If set to TRUE then the parents will be skipped (with a warning) for which insufficient information (e.g. SMILES) is available.

prefCalcChemProps

If TRUE then calculated chemical properties such as the formula and InChIKey are preferred over what is already present in the parent suspect list. For efficiency reasons it is recommended to set this to TRUE. See the Validating and calculating chemical properties section for more details.

neutralChemProps

If TRUE then the neutral form of the molecule is considered to calculate SMILES, formulae etc. Enabling this may improve feature matching when considering common adducts (e.g. [M+H]+, [M-H]-). See the Validating and calculating chemical properties section for more details.

neutralizeTPs

If TRUE then all resulting TP structure information is neutralized. This argument has a similar meaning as neutralChemProps. This is defaulted to TRUE for prediction algorithms, as these may output charged molecules. NOTE: if neutralization results in duplicate TPs, i.e. when the neutral form of the TP was also generated by the algorithm, then the neutralized TP will be removed.

TPStructParams

Parameters that influence the calculation of structural properties. See getDefTPStructParams.

parallel

If set to TRUE then code is executed in parallel through the future package. Please see the parallelization section in the handbook for more details.

Value

generateTPsAnnComp returns an object of the class transformationProductsAnnComp. Please see its documentation for e.g. filtering steps that can be performed on this object.

Details

This function uses compound annotations to obtain transformation products. This function is called when calling generateTPs with algorithm="ann_comp".

The generateTPsAnnComp function implements the unknown TP screening from compound candidates approach as described in (Helmus et al. 2025) . This algorithm does not rely on any known or predicted TPs and is therefore suitable for 'full non-target' workflows.
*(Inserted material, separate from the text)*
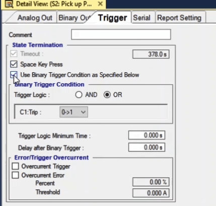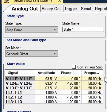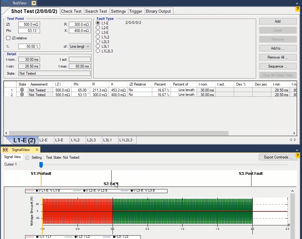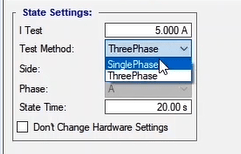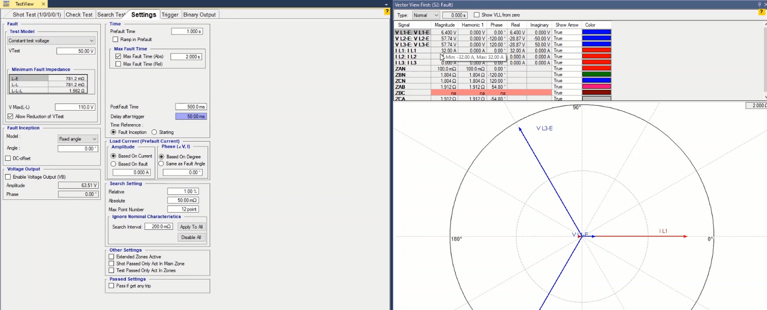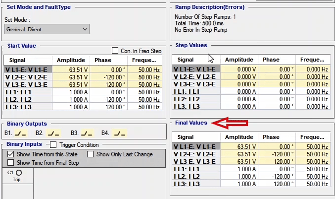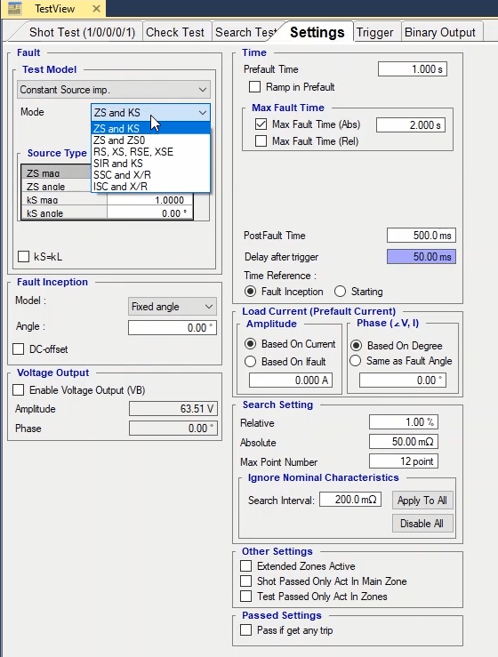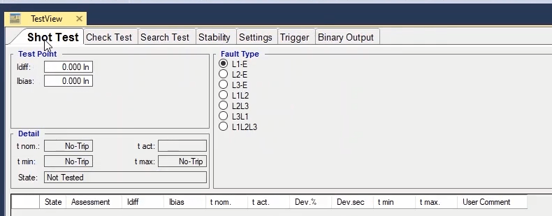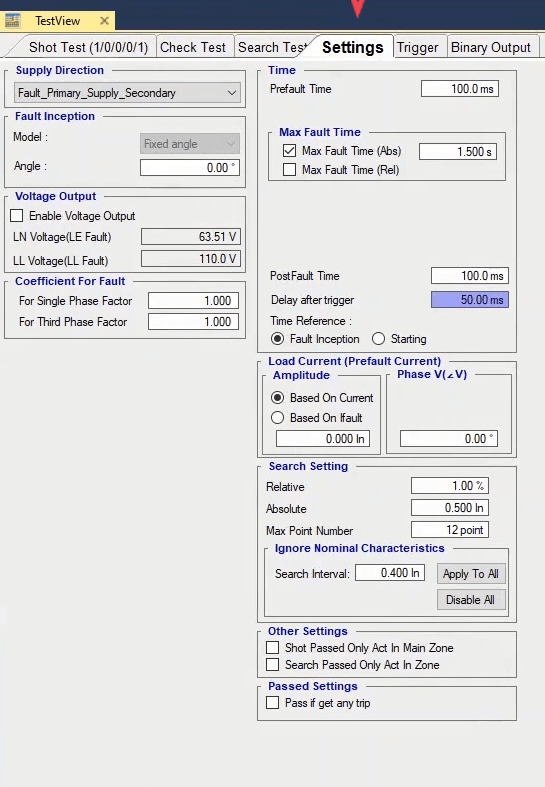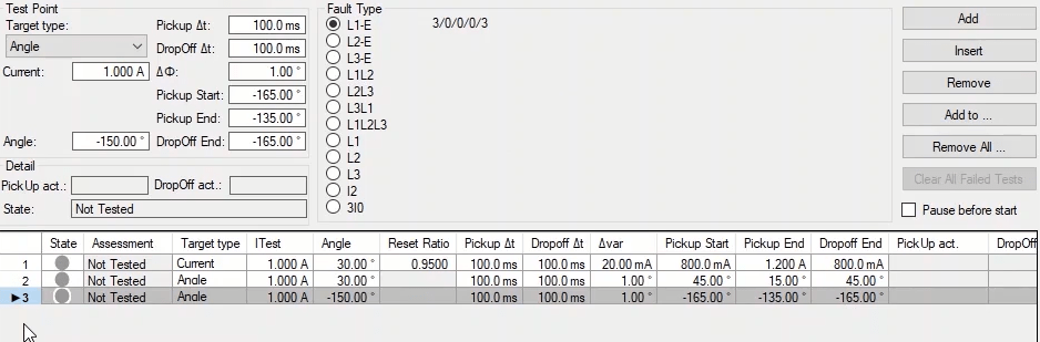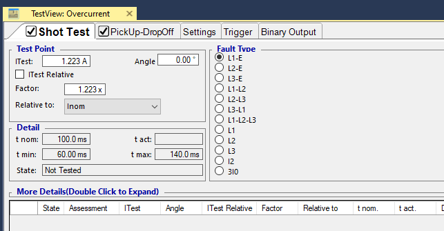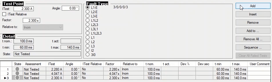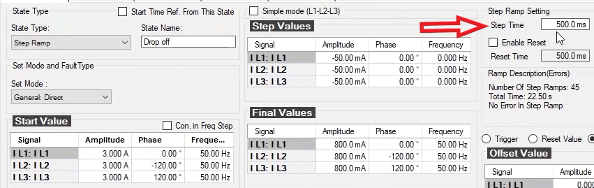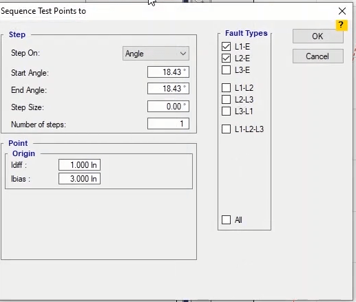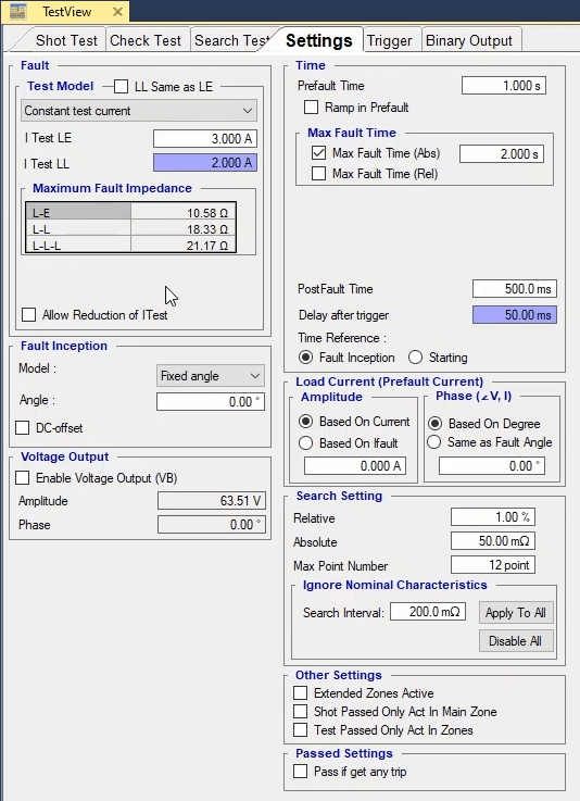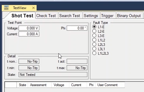 To perform this test three states ones including PreFault, Fault and PostFault are required. PreFault time is suitable for 500 milliseconds, fault time should be greater than the maximum trip time, and Post Fault time is at least 500 milliseconds. PostFault time should be increased if the drop-off is not instantaneous.

All compound candidates are considered as potential TPs and are ranked by the TP score:

$$TP score = max(fitCompound,simSusp) + annSim$$

With:

annSim: the annotation similarity
fitCompound: the structural fit of the compound candidate into the parent (or vice versa, maximum is taken). Calculated as the "Overlap coefficient" with fmcsR::fmcs. The molecular data is prepared with rcdk and ChemmineR.
simSusp: the maximum structural similarity with TP suspect candidates for this parent, i.e. obtained from other algorithms of generateTPs). The calculation is configured by the TPStructParams.

To speed up the calculation process, several thresholds are applied to rule out unlikely candidates. These thresholds are defaulted to those derived in (Helmus et al. 2025) . Nevertheless, calculations can take a very long time (multiple hours), especially when processing large numbers of candidates from e.g. PubChem.

Unlike most other TP generation algorithms, no additional suspect screening step is required.

Note

Setting parallel=TRUE can speed up calculations considerably on multi-core systems. but will also add to RAM usage. Furthermore, parallelization is only favorable for long calculations due to the overhead of setting up multiple R processes. Note that the parallel workers must be on the same system, i.e. this will not work on e.g. clusters.

It is possible that candidates are equal to their parent. To remove these the removeParentIsomers filter can be used afterwards.

Validating and calculating chemical properties

Chemical properties such as SMILES, InChIKey and formulae in the parent suspect list are automatically validated and calculated if missing/invalid.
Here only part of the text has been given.